Metamorphosis
What happened to the Rick I fell in love with? What the fuck have you become?
I can barely believe what my eyes see… I don’t know you anymore…
And it’s so hard to take, so hard to understand…
How some people can change so much.
Really, I’ve stayed almost the same steadily for a few years now…
It’s true that I’ve learned a lot, always too late but anyway… I’ve never become something shameful.
And talking about learning… I’ve been told that shit in life happens so you get experience out of it.
But really, isn’t it any other way to learn? Why does it have to destroy and hurt so much?
And why in so unfair ways anyway? And for what purpose?
Today I was wondering that I can’t be so conceited to believe that I already knew/know all of what I’m “supposed” to know to manage a balanced life… Of course I learned things out of what happened to me; things that made me grow inside a little bit wiser and a little bit tough…
But will it make any difference after all?

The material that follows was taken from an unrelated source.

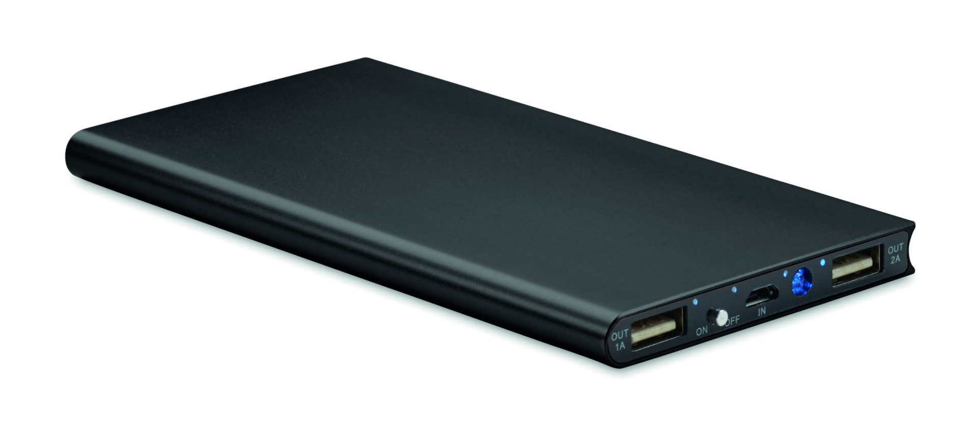 Powerbank. 8000 mAh. Recycled aluminium and ABS. Outputs: USB-A up to 10W. Input: USB-A 5W. 4 LED indicators. Built-in Micro USB plug. USB-A to Micro USB cable (30 cm) included.
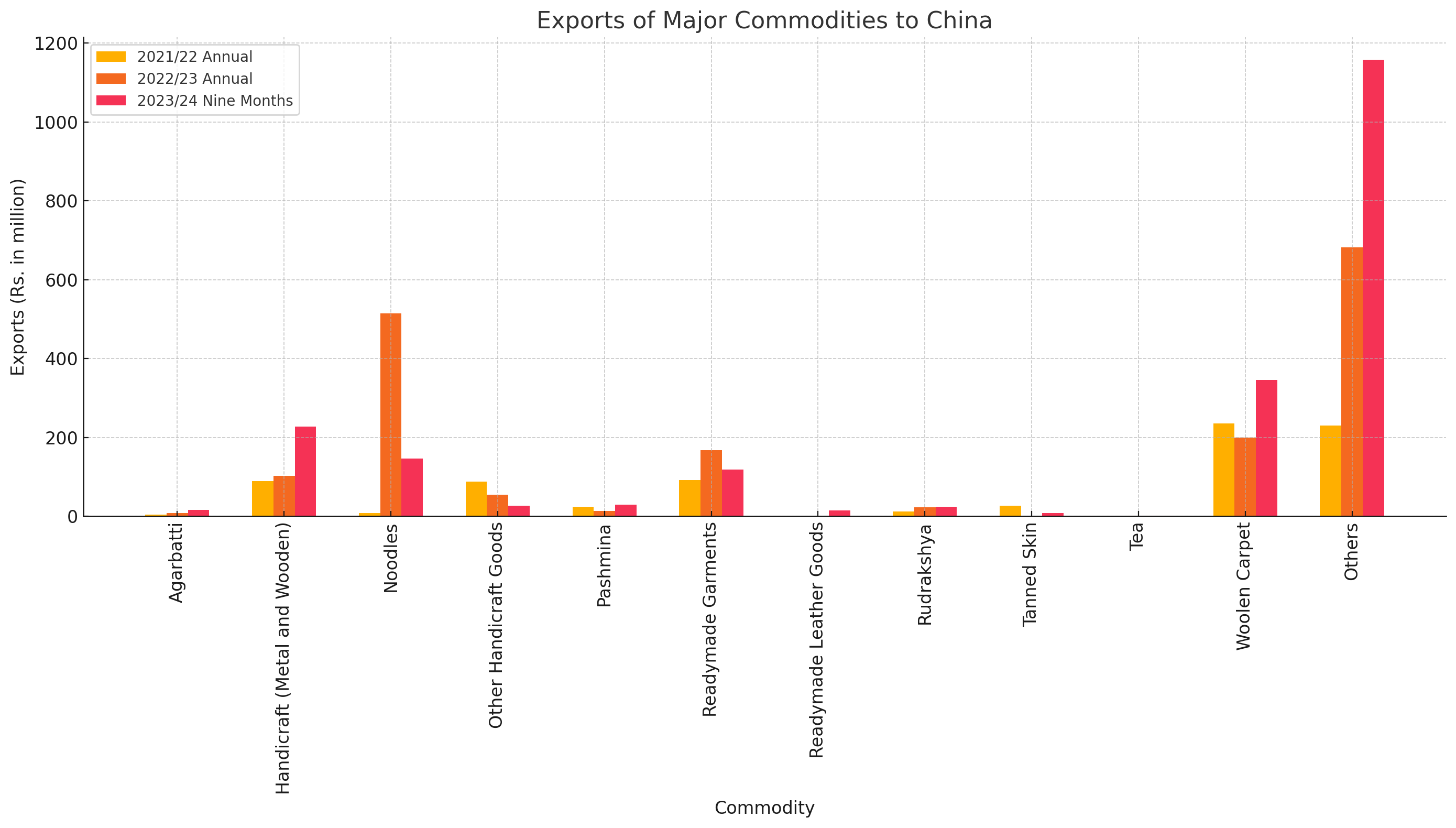 Recent data on Nepal's exports to China paints an intriguing picture of shifting trade dynamics over the last few years. The table highlights the export figures of major commodities, providing a detailed look at annual and nine-month data for fiscal years 2021/22, 2022/23, and provisional data for 2023/24.

Even if I’m aware that now I’m more capable of managing my own personal life, I know which mistakes I don’t have to do again, where I need to get better at, etc… Does that change the fact that the odds of finding a future worth living are close to be called a miracle?
Feels, again, like no matter how good someone can be… Luck is all that matters in the end. There’s no such a thing as fairness or “deserveness” (yeah i just made that one up >.<). Some people find their true match, but not all of them are the true match for their own.
Jesus why is all of it so complicated? Now it’s just driving me nuts ._.